I am retrieving 180k documents (setting the index.max_result_window=1Million). So, query size is set at 1,000,000. Query result >200MB is normal. If I set the query size=80k. Result is just below 100MB, everything works fine. I know I can use scroll api to get the data piece by piece. But this is just an occasional thing. If the buffersize is not default to 100MB and is settable, it would be nice.

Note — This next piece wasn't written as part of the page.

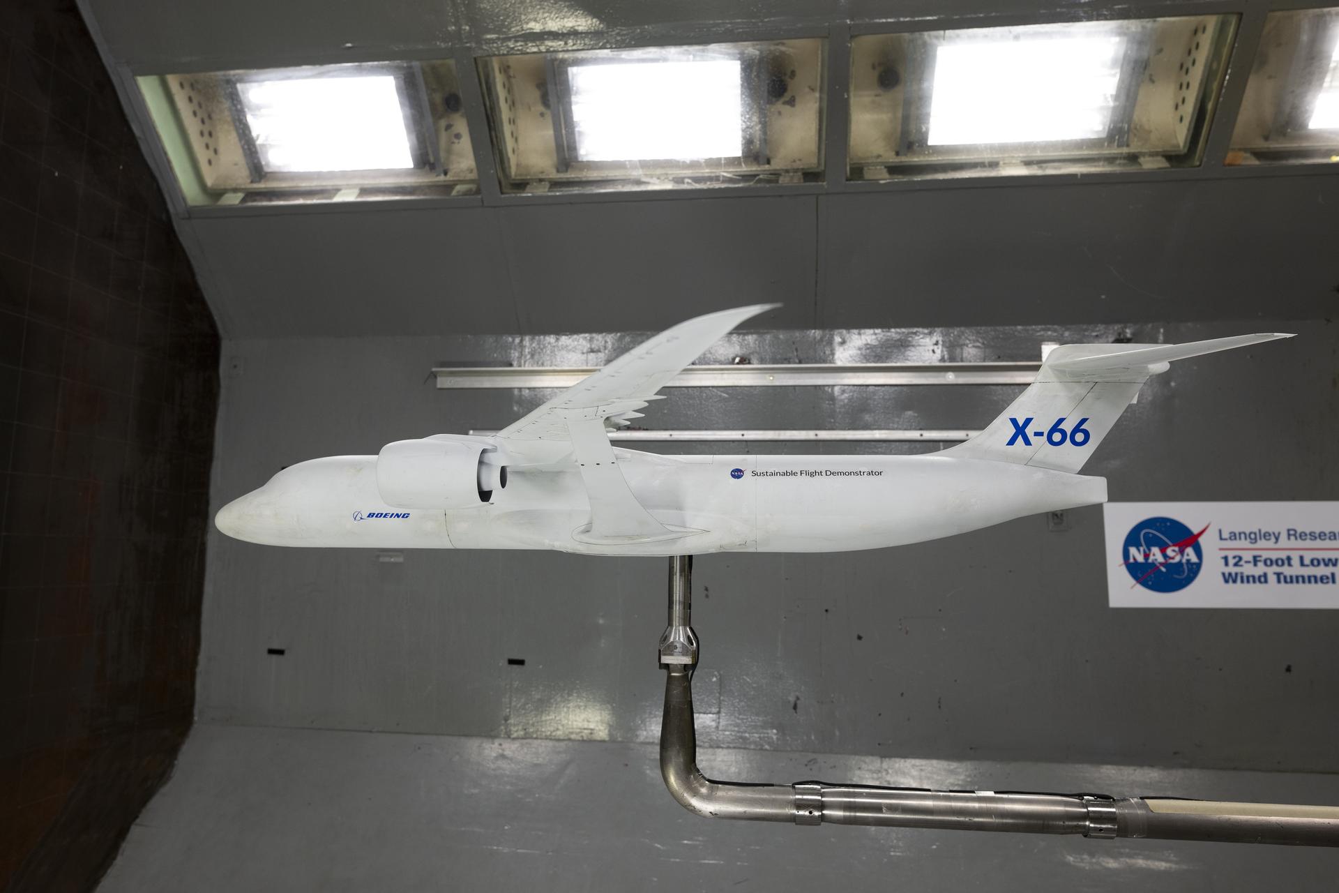 A model of the X-66 aircraft with a wingspan of almost 6 feet was placed in the 12-Foot Low-Speed Wind Tunnel at NASA’s Langley Research Center in Hampton, Virginia on October 30, 2024. During the tests, the team captured measurements of forces such as lift and drag over many aerodynamic configurations and flight conditions.

I am using low level REST api to do the query, any better way to fetch millions of records in one shot?
Thanks


(David Pilato) #4

You definitely need to use scroll. By default elasticsearch does not support more than 10000 results (from+size) for very good reasons like cluster stability, OOM...


#5

I understand the 10k limit, that is why I increase the default to 1M. If ES lets people change the default of query results, then the buffer size should be changeable also, otherwise bufferLimitBytes set(100M) in org.elasticsearch.client.HeapBufferedAsyncResponseConsumer is the real limit:)
Thanks


(David Pilato) #6

I'd not do that.

But if you really want to overload your data nodes and your client, up to you.

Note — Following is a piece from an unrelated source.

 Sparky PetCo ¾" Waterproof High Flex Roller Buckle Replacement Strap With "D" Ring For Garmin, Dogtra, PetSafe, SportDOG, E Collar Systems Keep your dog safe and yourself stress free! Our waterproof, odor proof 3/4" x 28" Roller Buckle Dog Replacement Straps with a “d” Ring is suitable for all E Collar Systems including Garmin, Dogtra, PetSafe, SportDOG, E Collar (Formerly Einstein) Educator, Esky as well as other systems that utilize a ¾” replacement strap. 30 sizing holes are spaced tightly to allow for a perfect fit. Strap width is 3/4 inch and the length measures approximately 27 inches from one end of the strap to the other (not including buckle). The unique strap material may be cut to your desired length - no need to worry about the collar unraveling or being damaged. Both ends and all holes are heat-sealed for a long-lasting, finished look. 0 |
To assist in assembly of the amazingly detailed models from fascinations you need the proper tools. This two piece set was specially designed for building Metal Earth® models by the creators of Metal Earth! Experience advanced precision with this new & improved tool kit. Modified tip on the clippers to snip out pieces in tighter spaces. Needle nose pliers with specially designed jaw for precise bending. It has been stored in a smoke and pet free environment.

Did you read the workaround that Tanguy mentioned in the issue I linked to?

Specifically that class:


#7

Nice. I did not notice that ES has the following function:

Response performRequest(String method, String endpoint,
                        Map<String, String> params,
                        HttpEntity entity,
                        HttpAsyncResponseConsumerFactory responseConsumerFactory,
                        Header... headers)
    throws IOException;

This makes the buffer size configurable
This is what I did:

 //Overiding the 100MB Buffer Limit to 1GB
response = client.performRequest("GET", request.getIndexName() + typesString + "/_search", new HashMap<>(),
					new NStringEntity(queryString, ContentType.APPLICATION_JSON),
					new HeapBufferedResponseConsumerFactory(1024 * 1024 * 1024));

It is working now. Thanks for the help @dadoonet


(system) #8

This topic was automatically closed 28 days after the last reply. New replies are no longer allowed.